A esa niña. ¿Qué tienen tus ojos, niña mía? ¿Qué tienen tus ojos que los míos han perdido? Cuando yo te cuento mis historias Tú giras tus grandes ojos negros llenos de curiosidad y de fantasía y los clavas en los míos, ya envejecidos de tanto llorar sin lágrimas. ¡Por favor, no me mires! ¡No me mires, te digo! En tu vida veo mi muerte, en tu alegría mi tristeza, en tu curiosidad mi hastío. ¡No me mires, niña mía!
¿Dónde está ese muchacho de corazón valiente que volaba más alto que las aves del cielo?, que tenía por caminos los finos rayos de las estrellas, que sus alas el viento envidiaba. Más bravo que el toro, que a la muerte de frente mira, y que en su busca se arranca… y la muerte retrocede con espanto. Que por sus venas galopaban caballos desbocados de aventura, de valor y de audacia que al miedo arrollaban. ¿En qué se han convertido esos caballos, niña? El miedo se ha convertido en algo negro y denso… ¡Ya nada galopa, niña mía! Por mis venas ya sólo fluye el gélido veneno del vencido, y una niebla fría y húmeda penetra por mis huesos. El sol hace tiempo que dejó de brillar. ¿Sabes, niña? ¡Yo tenía una espada! Una espada terrible. Una espada que al empuñarla la tierra temblaba con el retumbar de mil truenos en sus entrañas. Una espada que al desenfundarla las tinieblas se rasgaba con el fulgor de mil soles. Pero ahora, niña, ya no tengo la espada. Ahora arrastro el peso de su funda vacía. ¿Qué ha sido de la espada que hacía temblar la tierra? ¿Qué ha sido de la espada que daba luz al cielo?
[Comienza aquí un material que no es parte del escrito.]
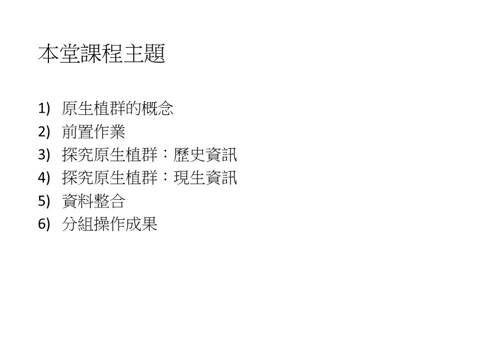 這一章的課程主題,依序是 (1) 原生植群的基本概念,(2) 植群復育的前置作業,就是探討潛在植群。了解潛在植群之後,接下來要探究當地可能的原生植群,這部分分成(3)歷史資訊的探究,以及(4)現生資訊的探究。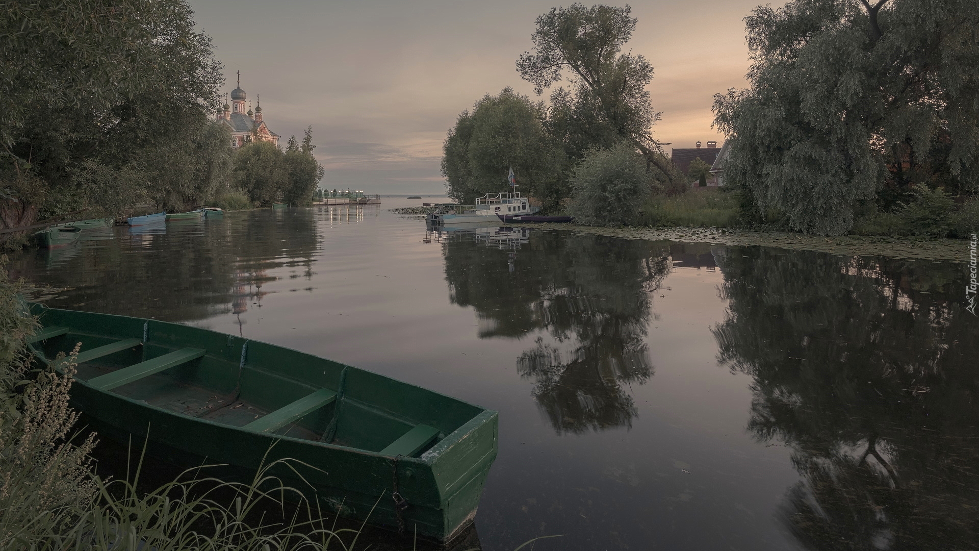 Edytor tapety: Zielona łódka na rzece Trubezh

No lo sé, niña mía, no sé qué ha sido de ella. Quizás la haya perdido en una lucha inútil. En la lucha contra los días sin rostro. En la lucha contra mi propia indiferencia. Contra el desamor de mi amor. Contra la traición de mis guerreros. ¡Ay! Contra la frialdad de los míos. Dime, pequeña, ¿dónde está quién yo era? ¿Qué ha sido de ese niño y su espada? Yo no lo sé, vida mía. ¿Qué fue de él, ángel mío?